Reproduce the listing exactly. Omit pictures.

=== Dataset extract ===
::::
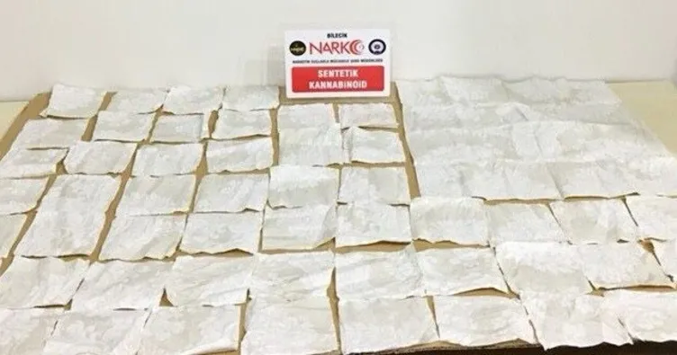 Araçta yapılan armalarda araçta bulunan çok sayıda peçete ekipleri şüphelendirdi. Peçeteleri incelemeye alan ekipler, Sentetik Kannobinoid adı verilen Bonzai maddesinin peçetelere emdirildiğini tespit etti. Yaklaşık değeri 400 bin Türk lirası olan peçetelere el koyan ekipler, otomobilde bulunan T.K ve M.G'yi gözaltına aldı. Akıllara durgunluk veren uyuşturucu madde ticareti yöntemini geliştiren iki zanlı çıkarıldıkları mahkemece tutuklanarak ceza evine gönderildi.
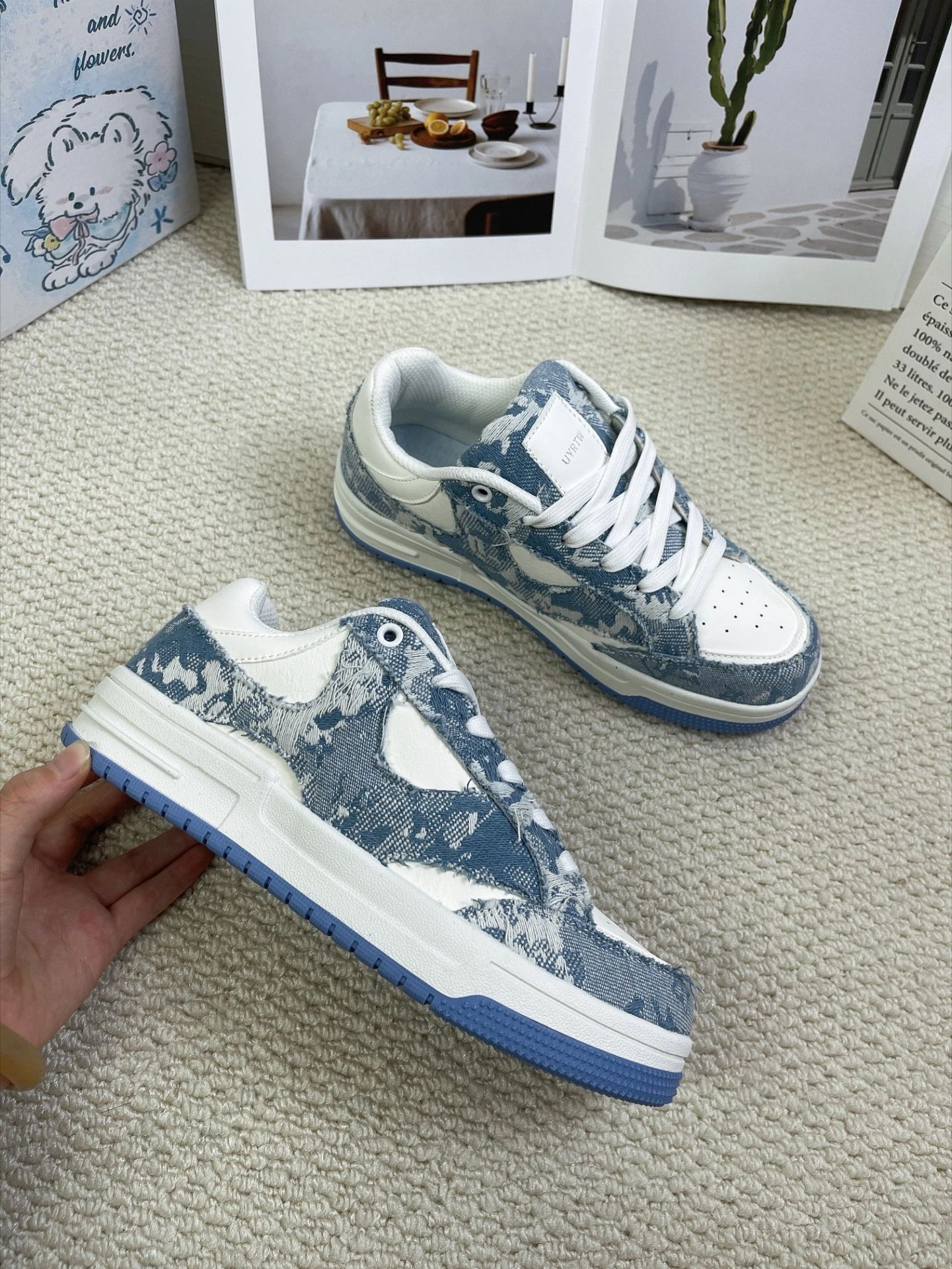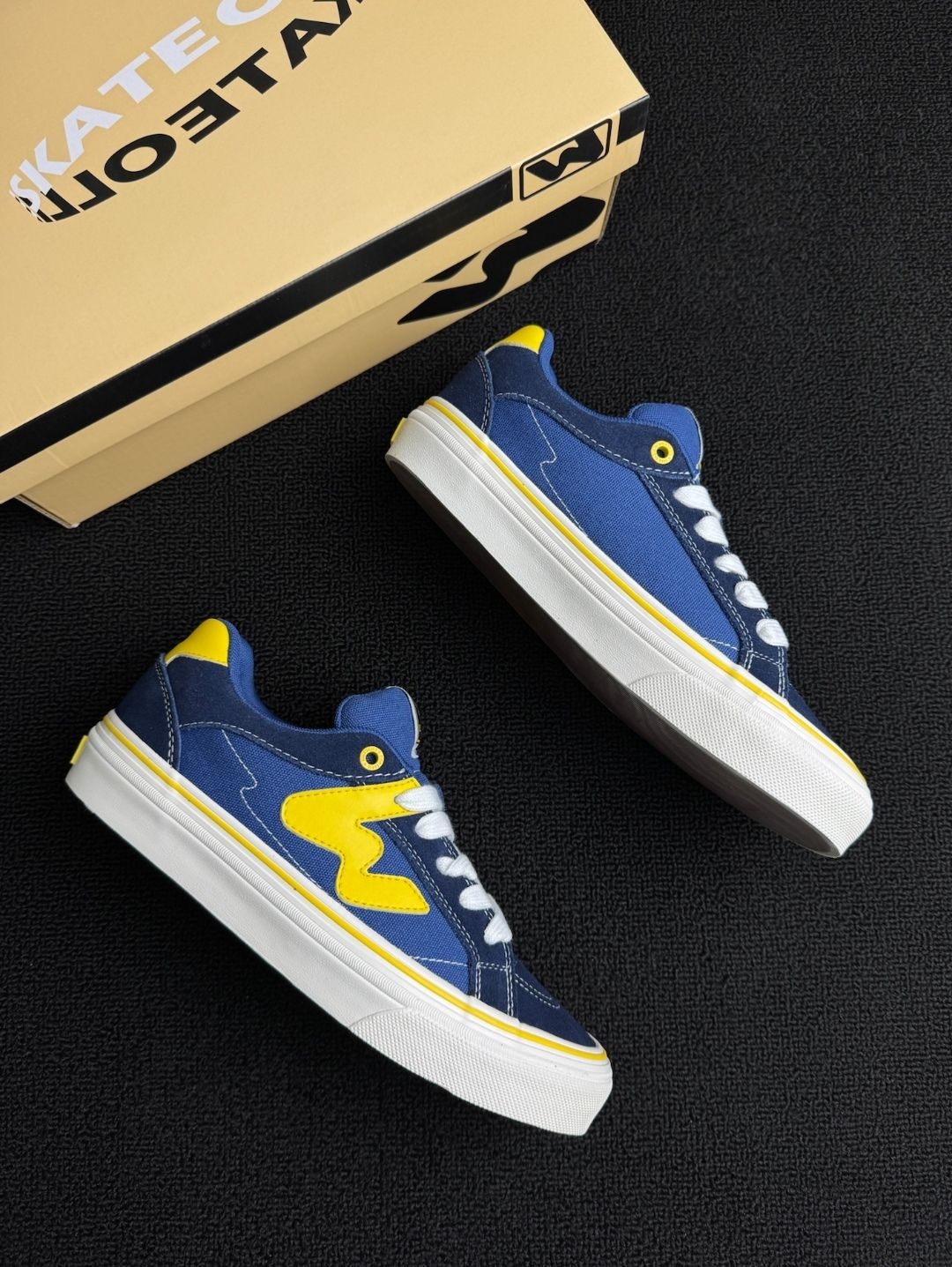 一开始是冲着“蓝黄配色”种草的,拿到手真的忍不住哇塞——颜色又亮又正,鞋带还配了黄白两种,可以随时换风格!侧面的字母设计一点都不呆板,超有美式街头那味儿~穿出门绝对不会撞款! 脚感也很轻,走路完全不板脚,搭配牛仔裤或者工装裤都超级飒🛹
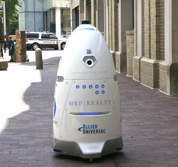 En su primer día de trabajo como guardia de seguridad Steve se cayó en una fuente. Pese al contratiempo, muchos creen que robots como Steve son la avanzada de una nueva era de máquinas inteligentes que harán cumplir la ley.
::::
=== Response to the exercise ===
 Araçta yapılan armalarda araçta bulunan çok sayıda peçete ekipleri şüphelendirdi. Peçeteleri incelemeye alan ekipler, Sentetik Kannobinoid adı verilen Bonzai maddesinin peçetelere emdirildiğini tespit etti. Yaklaşık değeri 400 bin Türk lirası olan peçetelere el koyan ekipler, otomobilde bulunan T.K ve M.G'yi gözaltına aldı. Akıllara durgunluk veren uyuşturucu madde ticareti yöntemini geliştiren iki zanlı çıkarıldıkları mahkemece tutuklanarak ceza evine gönderildi.
 一开始是冲着“蓝黄配色”种草的,拿到手真的忍不住哇塞——颜色又亮又正,鞋带还配了黄白两种,可以随时换风格!侧面的字母设计一点都不呆板,超有美式街头那味儿~穿出门绝对不会撞款! 脚感也很轻,走路完全不板脚,搭配牛仔裤或者工装裤都超级飒🛹
 En su primer día de trabajo como guardia de seguridad Steve se cayó en una fuente. Pese al contratiempo, muchos creen que robots como Steve son la avanzada de una nueva era de máquinas inteligentes que harán cumplir la ley.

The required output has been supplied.